One of the fundamental underpinnings of predictive data mining in the commercial sector is the use of training patterns. Corporations that study consumer behavior have millions of patterns that they can draw upon to profile their typical or ideal consumer. Even when data mining is used to seek out instances of identity and credit card fraud, this relies on models constructed using many thousands of known examples of fraud per year.
Terrorism has no similar indicia. With a relatively small number of attempts every year and only one or two major terrorist incidents every few years—each one distinct in terms of planning and execution—there are no meaningful patterns that show what behavior indicates planning or preparation for terrorism. Unlike consumers’ shopping habits and financial fraud, terrorism does not occur with enough frequency to enable the creation of valid predictive models. Predictive data mining for the purpose of turning up terrorist planning using all available demographic and transactional data points will produce no better results than the highly sophisticated commercial data mining done today [with results in the low single-digits – ed.]. The one thing predictable about predictive data mining for terrorism is that it would be consistently wrong.
Without patterns to use, one fallback for terrorism data mining is the idea that any anomaly may provide the basis for investigation of terrorism planning. Given a “typical” American pattern of Internet use, phone calling, doctor visits, purchases, travel, reading, and so on, perhaps all outliers merit some level of investigation. This theory is offensive to traditional American freedom, because in the United States everyone can and should be an “outlier” in some sense. More concretely, though, using data mining in this way could be worse than searching at random; terrorists could defeat it by acting as normally as possible.
Treating “anomalous” behavior as suspicious may appear scientific, but, without patterns to look for, the design of a search algorithm based on anomaly is no more likely to turn up terrorists than twisting the end of a kaleidoscope is likely to draw an image of the Mona Lisa.

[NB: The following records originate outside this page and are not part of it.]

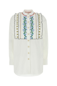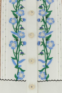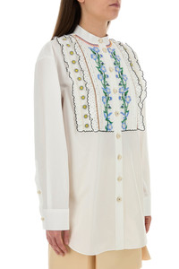 Shirt realized in pure cotton poplin characterized by peculiar floral embroideries with beads at the front. - Mandarin collar - Buttons closure - Buttoned angle cuffs - Rear yoke and rear placket DETAILS White poplin shirt Exterior: 100% Cotton Made in italy Model is 170 cm and is wearing a size 40
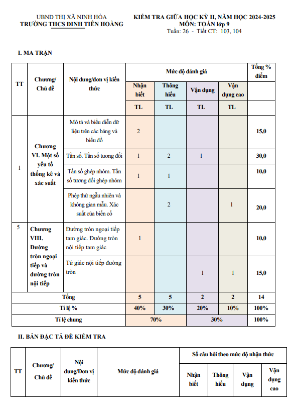 Đề giữa kỳ 2 Toán 9 năm 2024 – 2025 trường THCS Đinh Tiên Hoàng – Khánh Hòa
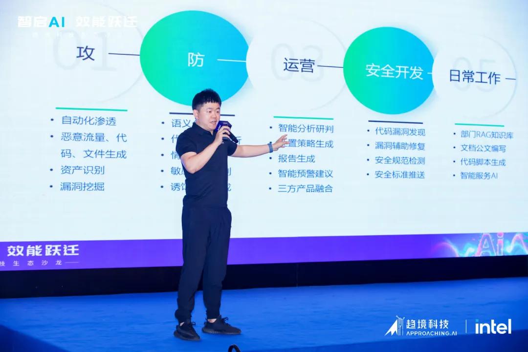 长亭科技联合创始人&副总裁龚杰则分享了 AI 在网络安全攻防的应用实践,长亭科技从攻-防-运营-安全开发-日常工作的全应用场景接入安全大模型,在自动化漏洞挖掘、智能化攻击手段、优化攻击策略、威胁情报分析、自动化安全监测、智能安全策略方面进行了实践探索。长亭科技与趋境科技合作实现千亿问津大模型私有化部署,全方位提升安全能力。
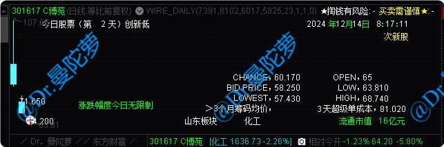 Bid-price58.25,2024/12/13 Clos64.20 博苑股份
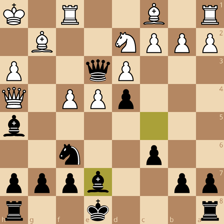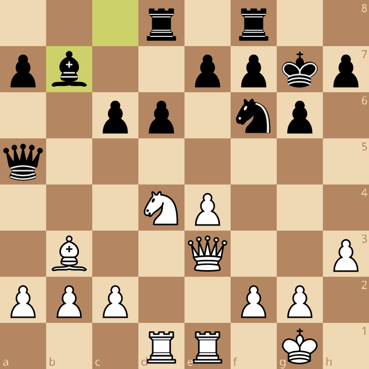 Au 4e échiquier avec les blancs, Eric joue un début classique et obtient une position convenable. Après de nombreuses manœuvres de pièces, il prend l’initiative à son compte. Eric saisit l’occasion de placer un sacrifice de deux pièces mineures pour gagner une tour et deux pions. En réalité, la combinaison était plus forte que supposée car le gain était à portée de main (diag).
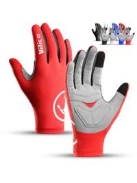 Vilico 1 Paar Outdoor-Sportart Herren und Damen Radsport MTB Handschuhe in Rot, Blau, Schwarz und Weiß mit langem Finger, stoßfest und rutschfeste Silikon-Handflächen-Auflage zum Touchscreen, bequemes Gewebe geeignet für Fitness, Laufen, Gewichtheben, Skifahren, Inlineskating, Volleyball, Basketball, Badminton, Radsport, Bergsteigen, Felsen klettern, Tanzen, Outdoor-Camping, Angeln, E-Bike-Handschuhe #8 Bestseller
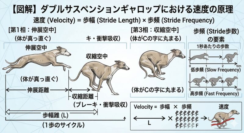 脚の筋肉量だけでなく、背骨のダイナミックな動き(Spinal Engine的要素)と、空中に2回浮くダブルサスペンションギャロップによって、自身の体格を遥かに上回る「ストライド(歩幅)」を生み出せるためです。脚の回転の速さだけでなく、一歩の伸びが桁違いなのです。
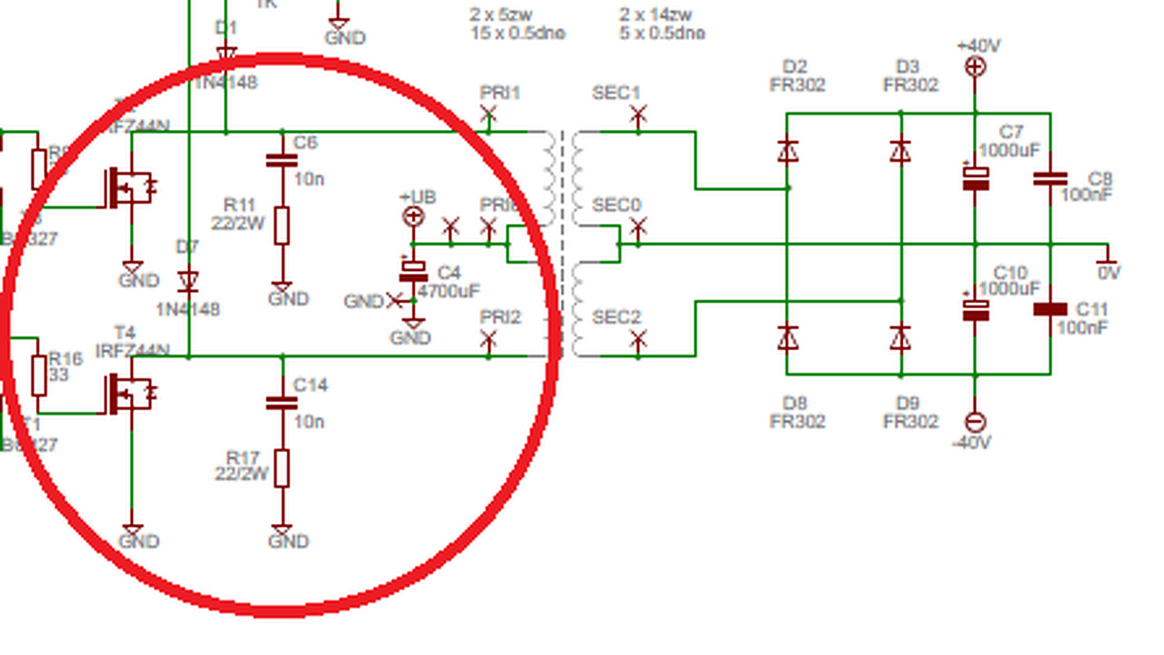 Igen . De majd az egyenirányitó diódák elé se felejcsd el betenni. 100n 100V és 100 Ohm 1W-os. Amennyiben szimetria táp lesz ne a Gdn-re hanem a két szekunder ágat kösd össze vele.

Civil libertarians and bloggers have talked 'til they're blue in the face about how lame this kind of terror-predicting is. But I don't think I've ever heard a giant of the field, like Jonas, come out against the practice -- at least not on-the-record. Let's hope this is one conversation that the feds are monitoring.
UPDATE 11:49 AM: Shane Harris here. Die-hard proponents of pattern-based 'data mining' to catch terrorists will remain unconvinced by Jonas' and Harper's argument. While it's true that data mining in the commercial sector is based upon "training patterns," backers of systems such as Total Information Awareness will say, yes, and that's why data mining for terrorists has to start with hundreds -- maybe thousands -- of known or potential terrorist patterns to look for. A major part of TIA research was the creation of terrorist attack templates through red teaming exercises, in which experts were paid to come up with devious and clandestine plots that a terrorist might conceivably attempt. Their various machinations would, presumably, leave a set of digital footprints -- airline tickets purchased, money wired, hotels paid for, and so on -- and THAT data would be mined for clues.
What's also interesting about this paper is the combination of the authors. Jim Harper is a well-known and articulate activist, and has long since staked out central territory in the security vs. privacy debate. But Jonas has stayed out of politics. Indeed, those who've met him will know that he sticks out like a sore West coast thumb among Washington gear heads, being unafraid to use the word "dude" in formal conversation and happily acknowledging his ignorance of most Beltway insider baseball. But those who know Jonas and have heard him speak about electronic terrorist hunting know that, like his co-author Harper, he has a strong libertarian streak. Maybe Jonas wouldn't put it quite that way -- dude -- but it's there.